We should offer a few comments regarding the effect of L2 prefetchers on threaded prefetching. First, enabling L2 prefetchers may improve the accuracy and coverage of threaded prefetching for some applications. Second, we find that disabling L2 prefetchers can improve timeliness of threaded prefetching and relieves pressure on the bus and competition for the shared resources. Third, in these real prefetching algorithms, accuracy, coverage and timeliness can actually compete against one another. Finally, L2 prefetchers introduce a similar effect on threaded prefetching as on the original execution for pointer-chasing applications. It is worth mentioning that HEALTH makes exceptions in this experiment. Zilles [17] explored the Olden benchmark HEALTH and demonstrated that the performance of its inefficient means of performing a given task is irrelevant. HEALTH is also included in this paper because it can help us better understand the effect of L2 prefetchers.
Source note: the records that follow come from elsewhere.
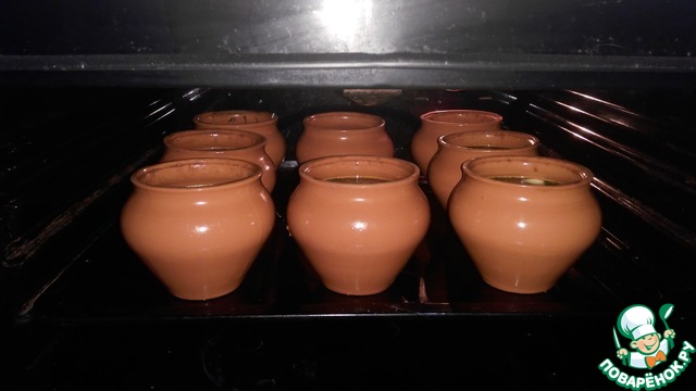 • Обязательно! В Холодную духовку поставить наши горшочки без крышек. Температуру поставить 180-200 градусов и выпекать 30-40 минут.
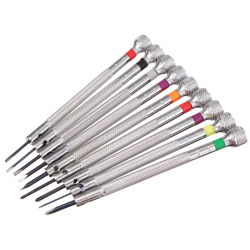 Economy 9-piece screwdriver set for watch repair and eye glass repair of all kinds;
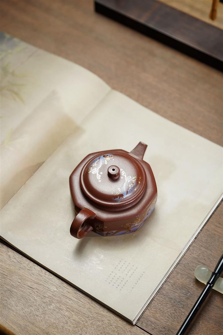 240cc原礦紫泥琺瑯彩八方扁德鐘茶壺POT8867
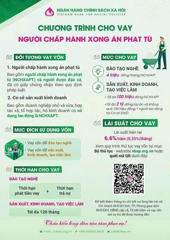 Về điều kiện vay vốn, Quyết định nêu rõ, người chấp hành xong án phạt tù có nhu cầu vay vốn; có tên trong danh sách người chấp hành xong án phạt tù về cư trú tại địa phương, chấp hành tốt các quy định của pháp luật, không tham gia các tệ nạn xã hội, do Công an cấp xã lập và được Ủy ban nhân dân cấp xã xác nhận. Thời gian kể từ khi chấp hành xong án phạt tù đến thời điểm vay vốn tối đa là 05 năm;

Deployment Optimization of L2 Prefetchers on Threaded Prefetching
We optimized the deployment of L2 prefetchers on SP and PV based on the effect analysis above. Figure 9 shows the speedup for SP and PV with deployment optimization of L2 prefetchers with respect to that with PF_ ON separately. To distinguish the resulting data between SP and PV, the legends in Figure 9 are marked distinctly. For example, SP_optimized and PV_optimized represent the speedup of SP and PV respectively. It can be seen in Figure 9 that the growth of performance is particularly evident for EM3D, MST, and GCC. 
Conclusion
This paper has examined the impact of L2 prefetchers and optimized their deployment for pointer-intensive applications after applying helper thread. The results show that L2 prefetchers waste bus bandwidth and aggravate shared resource contention. As a result, memory-intensive applications with a heavy bus traffic could see a performance degradation if L2 prefetchers were turned on. An optimized deployment of hardware prefetch mechanisms is made based on the nature of the memory access stream. In our future work, we will focus on the shared resource contention among requests from normal software, hardware prefetchers, and helper thread to adjust the aggressiveness level of prefetching on pointer-intensive applications.